What factors do you think led to this successful partnership/development?

Claus Gravenhorst: The strong interaction with participants of the METAe project and especially their input transformed the idea into a useful application. There have been a lot of meetings with all the members and they evaluated the application from an early stage on. For example, Cornell University Library contributed a lot during the METAe project. Oya Rieger, of the METAe project group, hosted a workshop in Ithaca in September 2003 where some of the major US university libraries participated. The group discussed METS/ALTO as standard output and had a hands-on training session on docWORKS/METAe.

However, I believe another important reason for the success of the METAe project was the strong effort of Günter Mühlberger, coordinator of the METAe project at the University of Innsbruck, and his team, as well as Ralph Tiede and myself, METAe project managers at CCS.

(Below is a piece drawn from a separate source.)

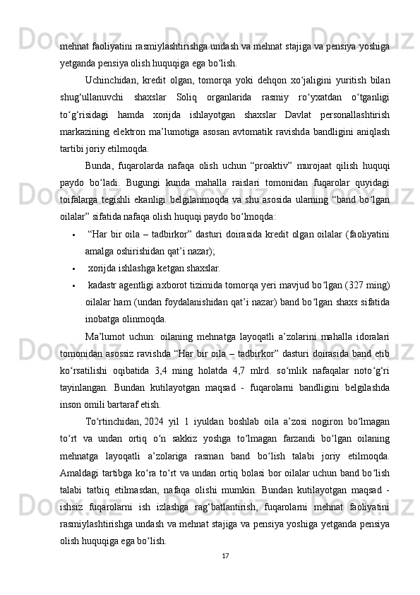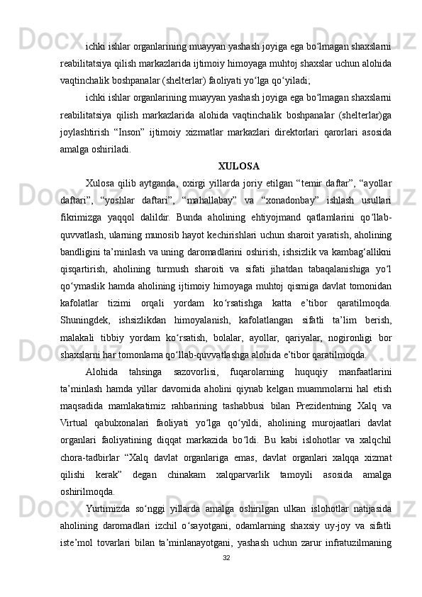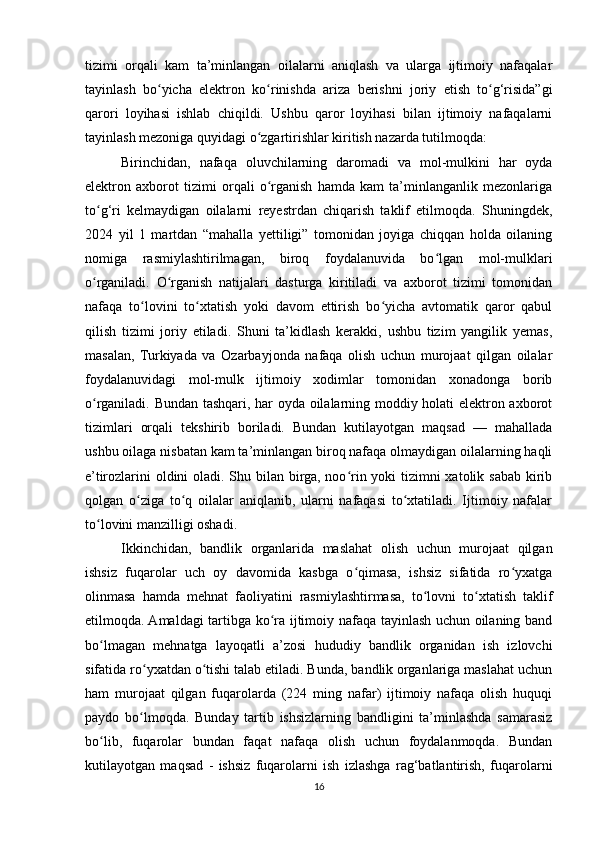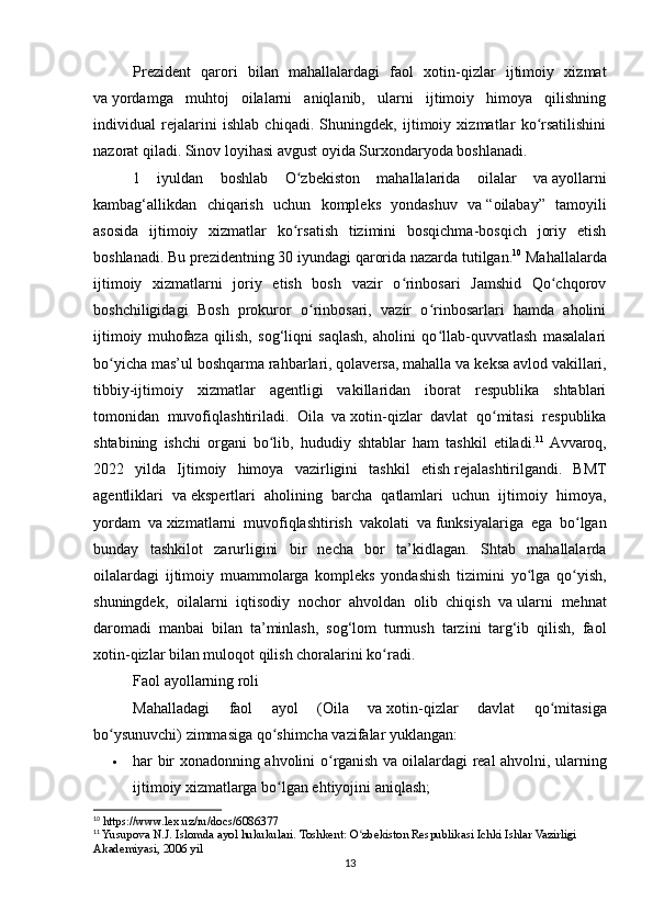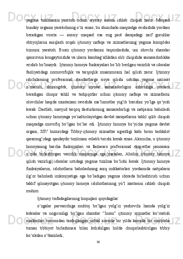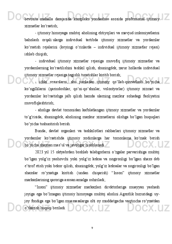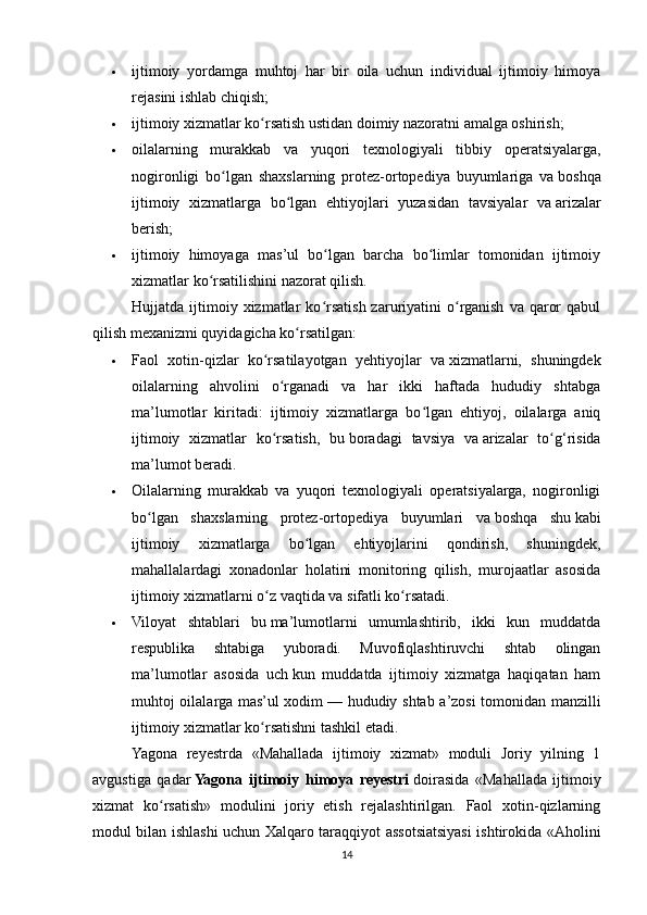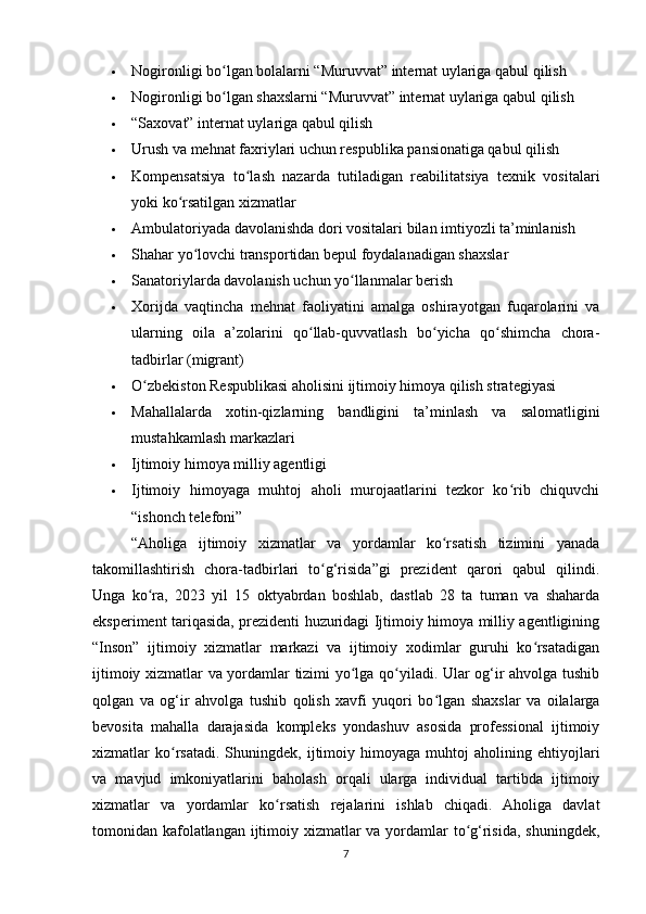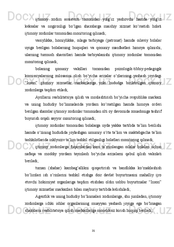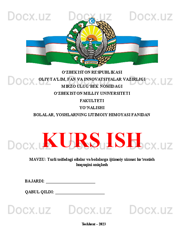 TURLI TOIFADAGI OILALAR VA BOLALARGA IJTIMOIY XIZMAT KOʻRSATISH HUQUQINI ANIQLASH.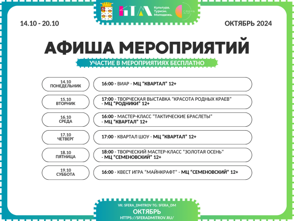 С 14 по 19 октября стартует новая неделя увлекательных мероприятий от Комплексного молодежного центра «Сфера».

Another key to success was the fact that the vendors ABBYY and CCS aimed at an application ready to be distributed in the market.

How could this process be replicated?

Günter Mühlberger: It is obvious that the future is digital and that all kinds of material within our daily environment will be transferred one way or another into a series of digits. To cope with this situation, there are tangible considerations and efforts to extend the approach of the Metadata Engine project towards other sectors of digitisation as well, such as archival material, video/audio, or even 3D.

You began early with an academic/industry partnership and project, which has turned into a product that institutions are using. Because of the early partnership, you have paid close attention to relevant standards within our community — especially metadata standards—and you have incorporated them into the software. As far as we know, docWORKS utilizes Dublin Core, NISO Z39.87 for technical metadata, and produces METS files. Are there other examples of metadata standards implementation? Do you have plans for more? Could you describe how the software has continued to develop around emerging metadata standards?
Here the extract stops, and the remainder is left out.